Logstash process the input data and adds timestamp and host address information to the message.
{
"host" => "elastic.kifarunix-demo.com",
"message" => "testing Logstash pipeline",
"@timestamp" => 2020-02-09T05:42:17.666Z,
"@version" => "1"
}
You can stop Logstash pipeline by pressing Ctrl+D.
Configuring Logstash to Collect and Sent Events to Elasticsearch
Logstash is now ready to receive and process data. In this demo, we are going to learn how to configure Logstash pipeline to collect events from a local system.
Logstash pipeline is made up of three sections;
- the input: collect data from different sources
- the filter: (Optional) performs further processing on data.
- the output: stashes received data into a destination datastore such as Elasticsearch.
Configure Logstash Input plugin
To collect events from the local system, we are going to use the file input plugin. There are multiple input plugins you can use, check them on Logstash Input Plugins.
In this demo, we are using a single configuration file to define the pipeline components; input, filters, output.
vim /etc/logstash/conf.d/local-ssh-events.conf
## Collect System Authentication events from /var/log/secure
input {
file {
path => "/var/log/secure"
type => "ssh_auth"
}
Configure Logstash Filter plugin
Configure Logstash filter to extract only relevant events such as the lines below from the /var/log/secure
file.
Mar 28 14:45:12 ssp sshd[10125]: Accepted password for johndoe from 192.168.2.106 port 37292 ssh2
Mar 28 14:45:37 ssp sshd[10199]: Failed password for johndoe from 192.168.2.106 port 37304 ssh2
Mar 28 14:45:59 ssp sshd[10202]: Failed password for invalid user koromicha from 192.168.2.106 port 37310 ssh2
Mar 28 14:46:33 ssp sshd[10230]: Accepted publickey for janedoe from 192.168.2.106 port 37330 ssh2: RSA SHA256:3soC1YLO/OVyp0+aHILa/iaBEBdQBT4L7QrwNheIVCM
We are using Grok Filters to process extract these lines from the log file;
vim /etc/logstash/conf.d/local-ssh-events.conf
## Collect System Authentication events from /var/log/secure
input {
file {
path => "/var/log/secure"
type => "ssh_auth"
}
}
## Design a grok filter to extract useful SSH authentication events.
filter {
if [type] == "ssh_auth" {
grok {
match => { "message" => "%{SYSLOGTIMESTAMP:timestamp}\s+%{IPORHOST:dst_host}\s+%{WORD:syslog_program}\[\d+\]:\s+(?.+)\s+for\s+%{USER:auth_user}\s+from\s+%{SYSLOGHOST:src_host}.*" }
add_field => { "activity" => "SSH Logins" }
add_tag => "linux_auth"
}
grok {
match => { "message" => "%{SYSLOGTIMESTAMP:timestamp}\s+%{IPORHOST:dst_host}\s+%{WORD:syslog_program}\[\d+\]:\s+(?.+)\s+for\s+invalid\s+user\s%{USER:auth_user_nonexist}\s+from\s+%{SYSLOGHOST:src_host}.*" }
add_field => { "activity" => "SSH Logins" }
add_tag => "linux_auth"
}
}
# Drop any message that doesn't contain the keywords below
if [message] !~ /(Failed password|Accepted password|Accepted publickey|for invalid)/ { drop { } }
}
Note the grok filter used above will just capture password based and public key SSH logins. You can use the Grok Debugger on Kibana to test your pattern, Dev-tools > Grok Debugger.
Also, note the filter;
if [message] !~ /(Failed password|Accepted password|Accepted publickey|for invalid)/ { drop { }
For the purpose of demo and to capture only the logs we need for this demo, that line basically drops any other event log not containing the specified keywords above.
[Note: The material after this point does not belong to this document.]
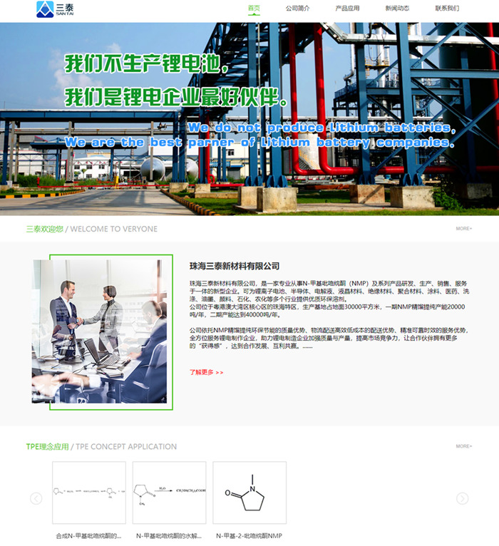 珠海三泰新材料有限公司,是一家专业从事N-甲基吡咯烷酮(NMP)及系列产品研发、生产、销售、服务于一体的新型企业。可为锂离子电池、半导体、电解液、液晶材料、绝缘材料、聚合材料、涂料、医药、洗涤、油墨、颜料、石化、农化等多个行业提供优质环保溶剂。

Configure Logstash Output Plugin
Next, we are going to sent our processed data to Elasticsearch running on the localhost.
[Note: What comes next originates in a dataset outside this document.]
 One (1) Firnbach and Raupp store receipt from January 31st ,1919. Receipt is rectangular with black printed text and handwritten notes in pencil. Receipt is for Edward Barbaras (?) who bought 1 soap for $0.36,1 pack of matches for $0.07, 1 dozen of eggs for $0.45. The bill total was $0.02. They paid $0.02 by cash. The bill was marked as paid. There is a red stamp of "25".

Define Elasticsearch output.
vim /etc/logstash/conf.d/local-ssh-events.conf
## Collect System Authentication events from /var/log/secure
input {
file {
path => "/var/log/secure"
type => "ssh_auth"
}
}
filter {
if [type] == "ssh_auth" {
grok {
match => { "message" => "%{SYSLOGTIMESTAMP:timestamp}\s+%{IPORHOST:dst_host}\s+%{WORD:syslog_program}\[\d+\]:\s+(?.+)\s+for\s+%{USER:auth_user}\s+from\s+%{SYSLOGHOST:src_host}.*" }
add_field => { "activity" => "SSH Logins" }
add_tag => "linux_auth"
}
grok {
match => { "message" => "%{SYSLOGTIMESTAMP:timestamp}\s+%{IPORHOST:dst_host}\s+%{WORD:syslog_program}\[\d+\]:\s+(?.+)\s+for\s+invalid\s+user\s%{USER:auth_user_nonexist}\s+from\s+%{SYSLOGHOST:src_host}.*" }
add_field => { "activity" => "SSH Logins" }
add_tag => "linux_auth"
}
}
# Drop any message that doesn't contain the keywords below
if [message] !~ /(Failed password|Accepted password|Accepted publickey|for invalid)/ { drop { } }
}
## Send data to Elasticsearch on the localhost
output {
elasticsearch {
hosts => ["192.168.56.154:9200"]
manage_template => false
index => "ssh_auth-%{+YYYY.MM}"
}
}
Ensure that Logstash can read the file being monitored, /var/log/secure
. By default, file is owned by root. Therefore, for logstash to be able to read the file, first change the group ownership to adm, add logstash to the group adm, and assign read access to logstash.
chown :adm /var/log/secure
usermod -aG adm logstash
chmod g+r /var/log/secure
Verify Logstash Grok Filters
Before you can sent the data to Elasticsearch, you need to verify the grok filters. Follow our guide below to learn how to debug grok patterns.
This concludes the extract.